A banner near the main entrance to the school explains what the school expects of its students.

A Cranston West graduate, it says, should be “an informed, involved citizen who advocates for positive changes ...”
Censorship, litigation and anti-Christian bigotry is so... positive.

Jessica Ahlquist grew up in Warwick and Coventry, the daughter of an atheist firefighter father and a “spiritual” mother. She was baptized in a Catholic church in Providence, bur rarely went to church.

“My parents encouraged me to ask questions and think for myself,” she says.

Unless she sees a prayer, in which case she collapses.  

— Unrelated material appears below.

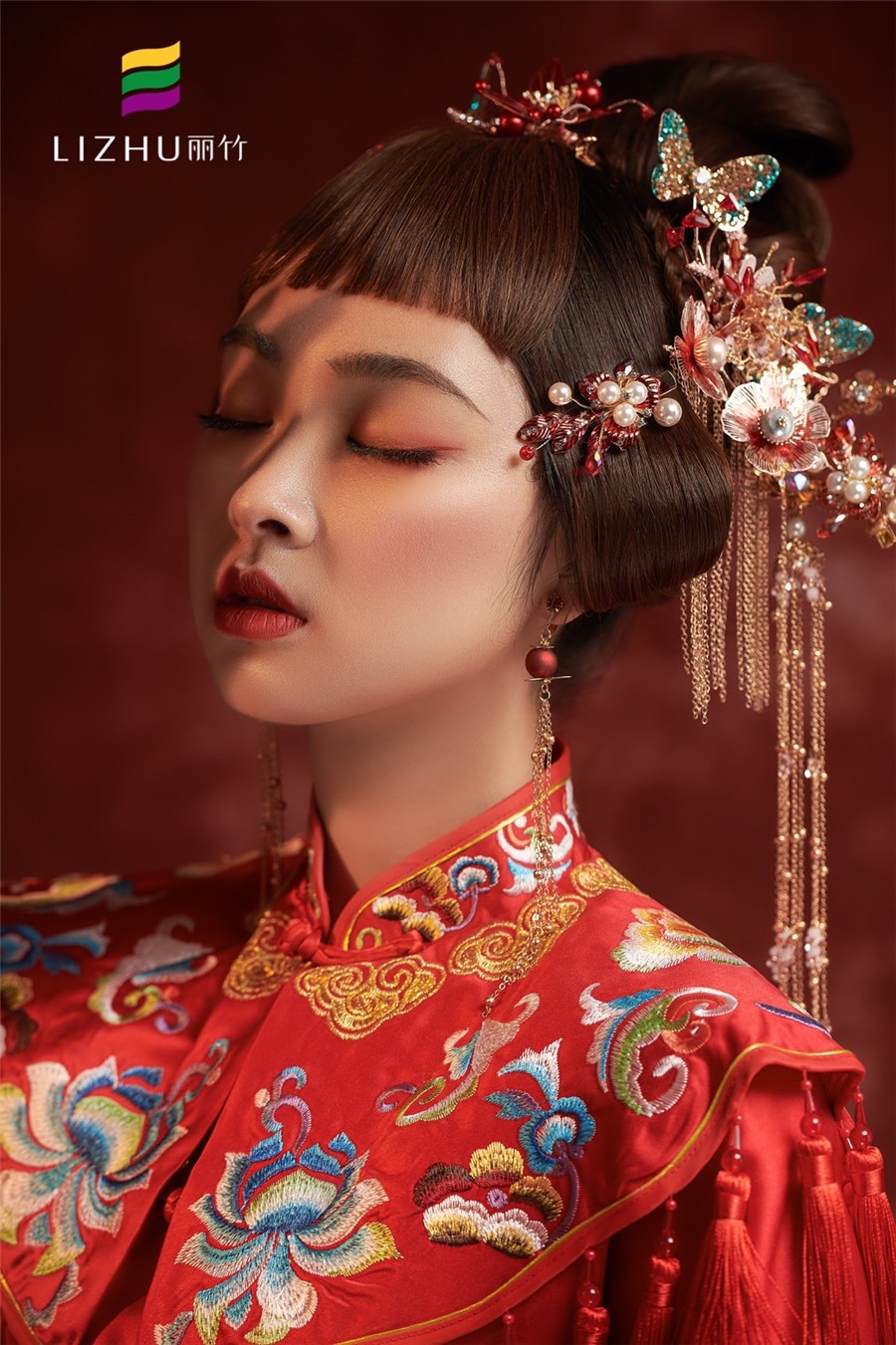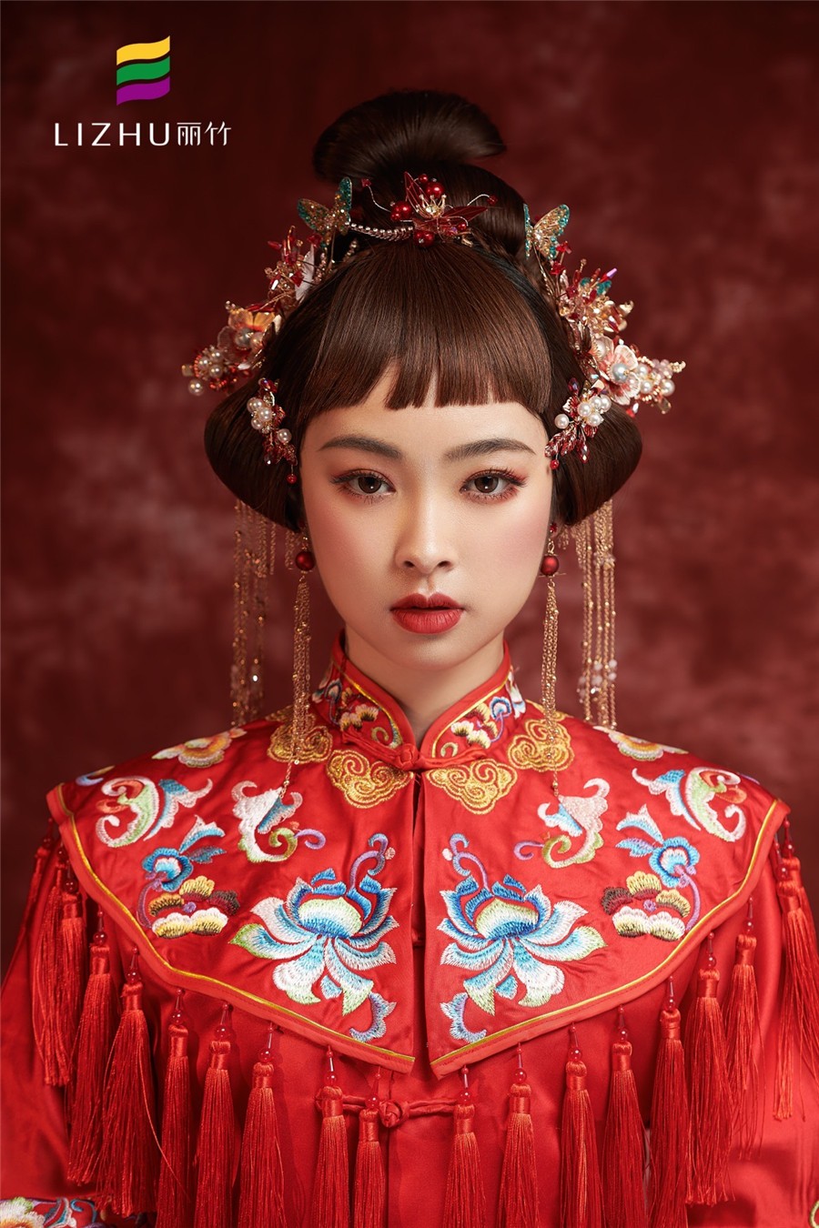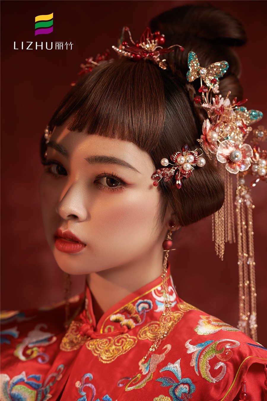 麗竹學(xué)校彩妝作品---中式秀禾新娘造型:蝶舞蹁躚,吉祥如意。極具東方魅力的色彩,妝造出獨特的國風(fēng)。一襲中國紅,端莊典雅,是千年沉淀下來的古韻悠長。

She began questioning religion at 10, after her mother became ill. “I was praying and it wasn’t helping.”

In the fifth grade, she cried when she learned about American slavery. A few years later, she reacted in the same way to the Holocaust.

Such a sensitive soul. She'd never sue anyone, or try to censor a little prayer....

When a friend showed her the school prayer at Cranston West, she told her father, who said, “What do you want to do?”

“I wanted to say something, but I was busy with my final exams, and I didn’t know who to talk to,” she says.
"Hello, ACLU, this is Jessica. Can you help me censor the people in my school district?"

Later, when a school board subcommittee met to discuss the issue, Ahlquist spoke up.
Free speech is important to Jess. Not to others, though.

Since then, she says, students and adults have called her a “stupid atheist,” an ACLU tool, a witch and a “media whore.” They’ve also threatened her through e-mails or at school, she says.
What a terrible thing to say. She's not a witch.

A former classmate told her that, if she knew what he really thought of her, she would kill herself, she says.
That's sooo not nice. She's considering suing.

After the school prayer complaint, Ahlquist create d a Facebook group to support the prayer’s removal. She’s appeared on TV and radio, been a speaker for the Secular Student Alliance and has appeared on YouTube videos.
She's overcoming her shyness.

Next month, the ACLU will present her with the William G. McLoughlin First Amendment Award, named after a Brown University history professor and liberal activist.
She's also a finalist for the annual Stalin award, named after a fellow atheist who also got testy about free expression of religion. Here's hoping...

Her frequent appearances, say the lawyers for the city and school, show that she does not fear harassment, as she claims in her suit. “These are not the actions of a frightened student, but of a zealous advocate.”
She struggles so with shyness. The press conferences are so therapeutic.

The lawyers also question her delay in addressing the school prayer issue. And they note that in some interviews, Ahlquist calls the prayer’s message a positive one.
The prayer invokes mental and moral growth. She needs it.

Ahlquist says she made the statement to stop future threats and insults. She says she never imagined the issue would become so public — and so overwhelming.
Right. Censoring your friends and neighbors and dragging them into federal court to gag them usually goes unnoticed.

“At first, I saw this as a legal issue. But people on the other side have turned this into a religious war against atheists.”

Right. She sues her friends and neighbors in federal court to deprive them of the right to free expression of religion and freedom of speech. 

They don't like that.

That's proof that they are attacking her.

The proper court ruling on this farce will be to tell her that she can ignore the prayer, if she wants to. It's a free country. For everyone. And she and the ACLU can reimburse the good people of Cranston for all of their legal fees incurred in their defense against this pubescent totalitarian and her atheist enablers.